**Problem statement**
Return nothing but the lines from the one with "Ein kurzer Spaziergang" through the one with "The sign says" in the data below, word for word and without pictures.
*** Begin section ***
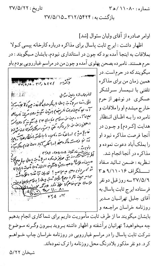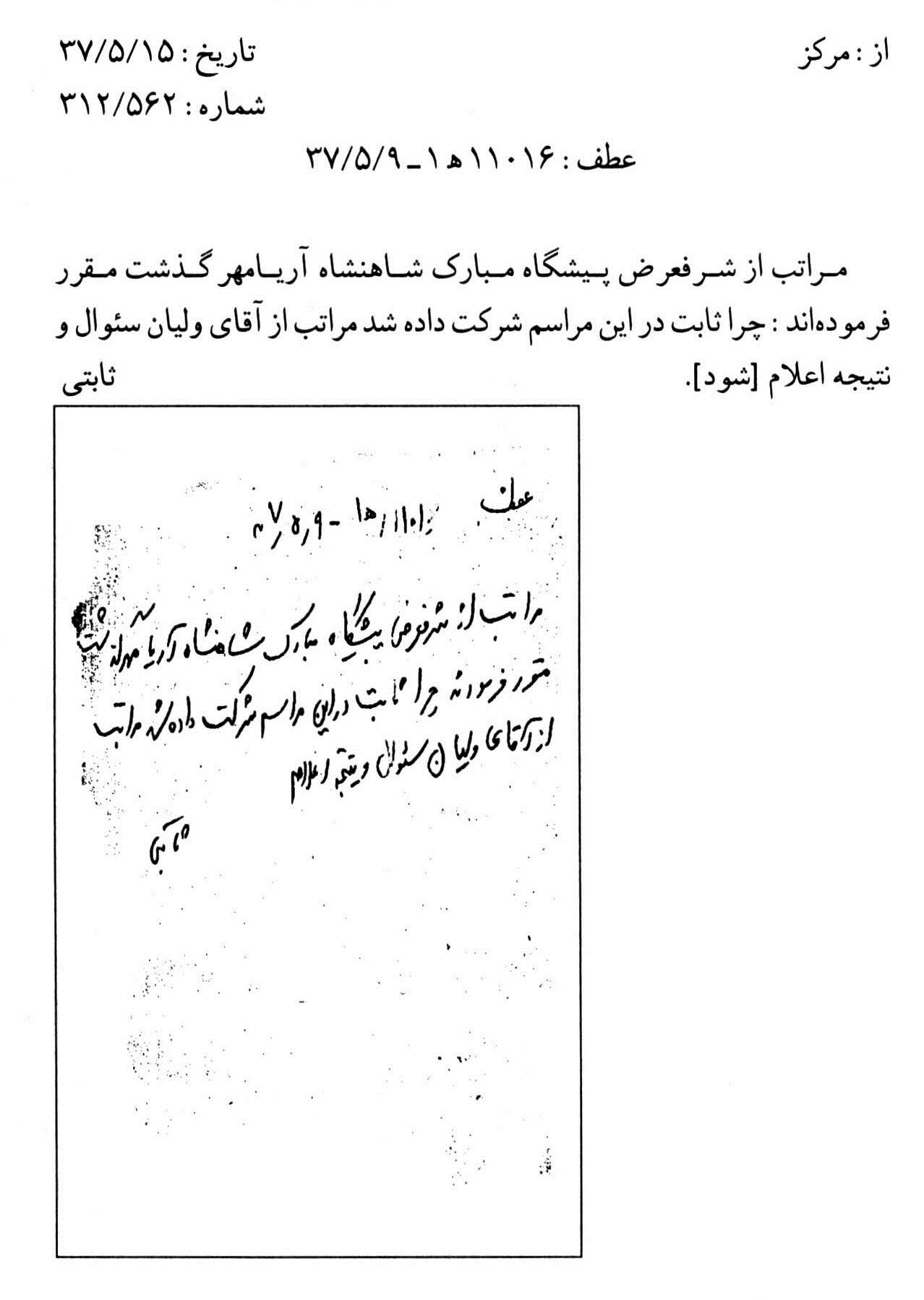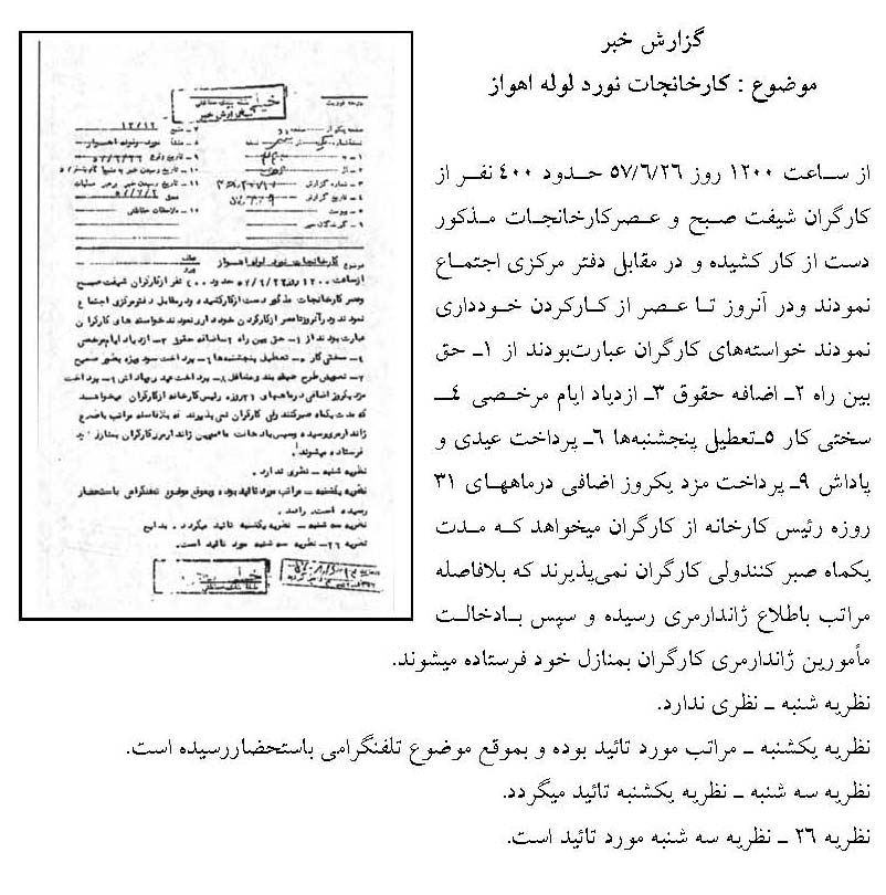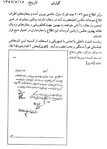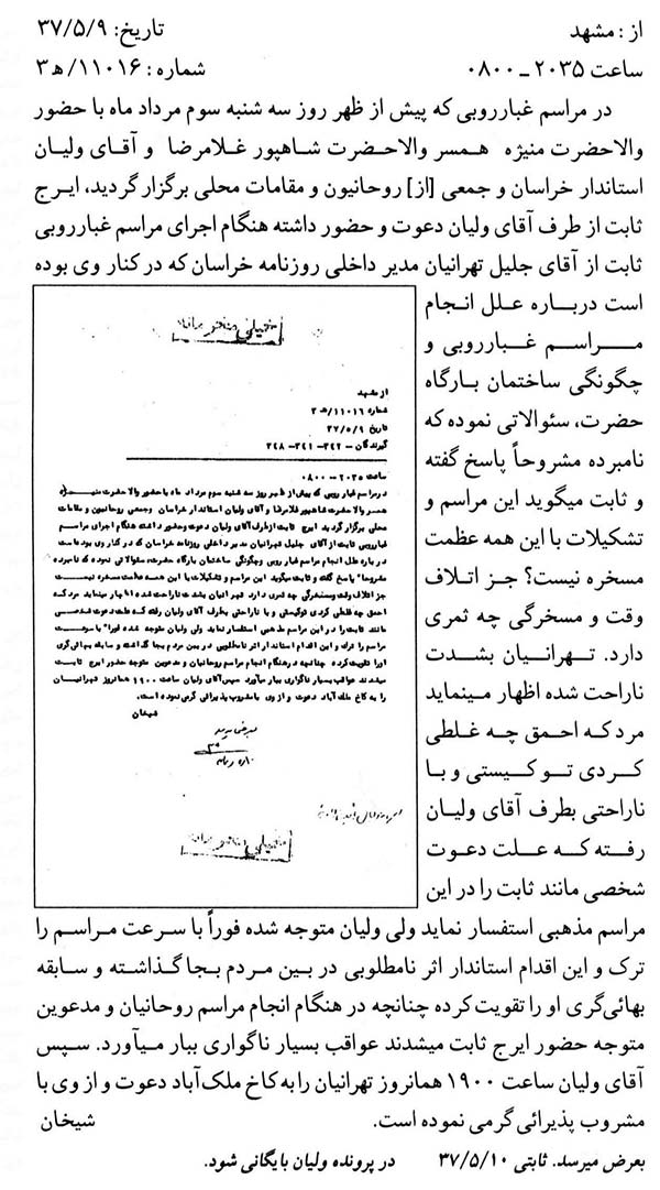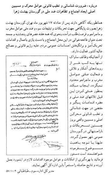 سند دیگر امروز اجتماع مردم در بهشت زهرا(س) مربوط به سال 1357 را نشان میدهد. لازم به یادآوری است که پس از کشتار مردم در 17 شهریور 1357، انقلابیون و خانوادههای شهدا روزهای پنجشنبه و جمعه را در بهشتزهرا(س) اجتماع کرده و به این ترتیب علیه رژیم پهلوی مبارزه میکردند. در بخشی از این سند آمده است: «همه هفته عصرهای پنج شنبه و جمعه تحت عنوان فاتحهخوانی در این محل اجتماع و با دست یازی به اعمال و اقدامات تحریکآمیز و برانگیختن احساسات عمومی مردم، علیه رژیم قانونی و مصالح عالیه کشور فعالیت دارند.»
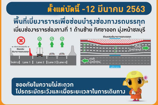 กรมทางหลวง แจ้งเบี่ยงการจราจรโครงการก่อสร้างปรับปรุงเพิ่มช่องจราจร ช่วงทางแยกต่างระดับหนองขาม – ทางแยกต่างระดับโป่ง บนทางหลวงพิเศษหมายเลข 7
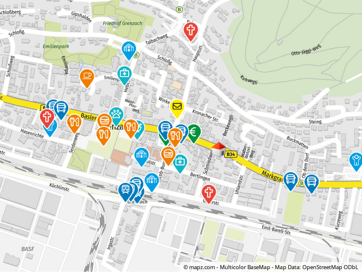 Ein kurzer Spaziergang von etwa zehn Minuten führt Sie zum Grenzacher Hallenbad und dem beliebten Lebensmittelladen Allnatura. Auch Einkaufsmöglichkeiten wie Lidl und Hieber Markt sowie eine Vielzahl von Restaurants sind nur einen Katzensprung entfernt. Familien profitieren von der Nähe zu Grundschulen und Kindergärten, während die Realschule in Wyhlen bequem mit dem Bus in wenigen Minuten erreichbar ist.
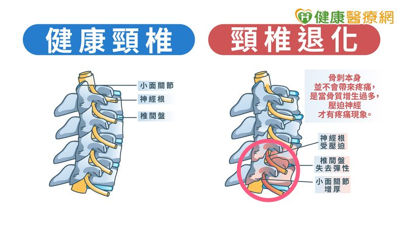 羅東博愛醫院脊椎微創中心黃安平醫師解釋,脊椎退化導致骨質增生,即俗稱的「骨刺」,若增生過度壓迫神經根,便會引發麻痛感。60歲以上長者近九成面臨頸椎退化問題,若有頸椎骨刺壓迫神經,初期症狀不明顯,麻痛無力感如「溫水煮青蛙」般緩慢侵蝕,一旦遭遇突發撞擊,恐致神經損傷,嚴重者甚至癱瘓,不可輕忽!
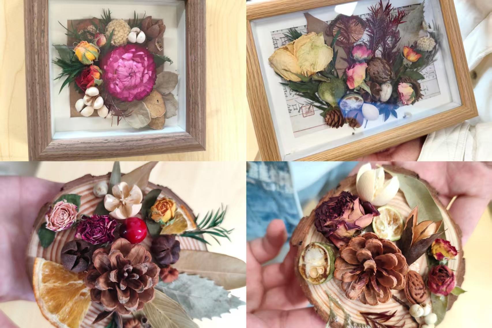 李奕老师首先向同学们介绍本次活动可创作的作品类型,分享不同果实素材的搭配技巧。随后,她着重讲解了制作过程中的要点。同学们兴致高涨,纷纷挑选心仪的素材,在相框和圆木片上发挥想象,构思布局。有的以错落果实打造层次感,有的搭配彩叶点缀细节。从构思设计到粘贴固定、装饰收尾,每一步都专注投入。创作间隙,同学们还不时交流灵感,分享搭配巧思,一片片彩叶、一颗颗果实经过巧手组合,变成兼具实用性与观赏性的文创作品。
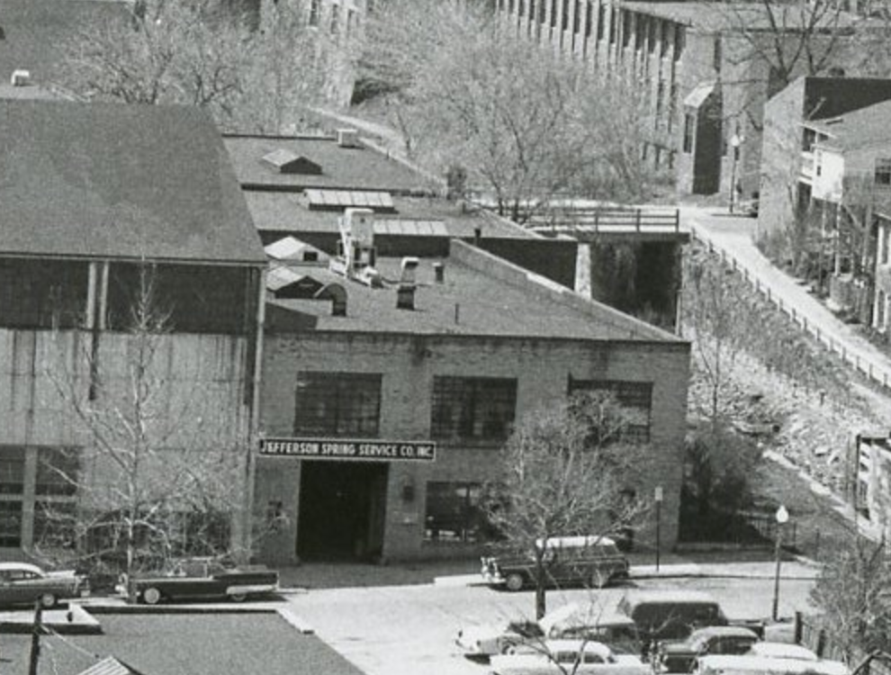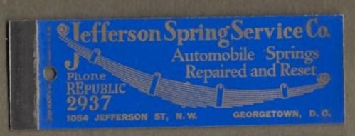The sign says “Jefferson Spring Service Co.”, which was a shop that would service car suspension springs, at least according to this matchbook sold on Ebay:
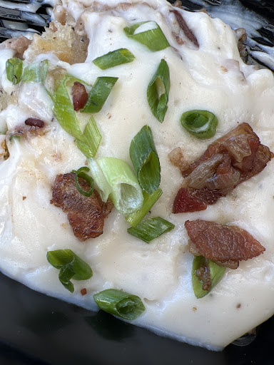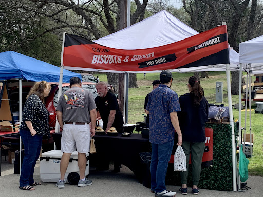 I tried Flat Top Biscuits and Gravy for the first time today at the Keller Farmers Market. I had the jalapeño cheddar biscuit with sausage gravy, chives and fresh sliced jalapeños😋🙌🏻👍🏻 The biscuit was made up of fluffy layers and golden brown on top and bottom. GREATNESS!!! They grill the biscuit and ladle it with cream sausage gravy and top with chives and fresh jalapeño slices. It was so great I will definitely come back for this and to try their other spins on biscuits. Their biscuit flavors are Herb & Cheddar, Sourdough and Jalapeño & Cheddar. They also work in waffles, monkey bread, bratwurst...
*** End section ***
**Reply**
 Ein kurzer Spaziergang von etwa zehn Minuten führt Sie zum Grenzacher Hallenbad und dem beliebten Lebensmittelladen Allnatura. Auch Einkaufsmöglichkeiten wie Lidl und Hieber Markt sowie eine Vielzahl von Restaurants sind nur einen Katzensprung entfernt. Familien profitieren von der Nähe zu Grundschulen und Kindergärten, während die Realschule in Wyhlen bequem mit dem Bus in wenigen Minuten erreichbar ist.
 羅東博愛醫院脊椎微創中心黃安平醫師解釋,脊椎退化導致骨質增生,即俗稱的「骨刺」,若增生過度壓迫神經根,便會引發麻痛感。60歲以上長者近九成面臨頸椎退化問題,若有頸椎骨刺壓迫神經,初期症狀不明顯,麻痛無力感如「溫水煮青蛙」般緩慢侵蝕,一旦遭遇突發撞擊,恐致神經損傷,嚴重者甚至癱瘓,不可輕忽!
 李奕老师首先向同学们介绍本次活动可创作的作品类型,分享不同果实素材的搭配技巧。随后,她着重讲解了制作过程中的要点。同学们兴致高涨,纷纷挑选心仪的素材,在相框和圆木片上发挥想象,构思布局。有的以错落果实打造层次感,有的搭配彩叶点缀细节。从构思设计到粘贴固定、装饰收尾,每一步都专注投入。创作间隙,同学们还不时交流灵感,分享搭配巧思,一片片彩叶、一颗颗果实经过巧手组合,变成兼具实用性与观赏性的文创作品。
The sign says “Jefferson Spring Service Co.”, which was a shop that would service car suspension springs, at least according to this matchbook sold on Ebay:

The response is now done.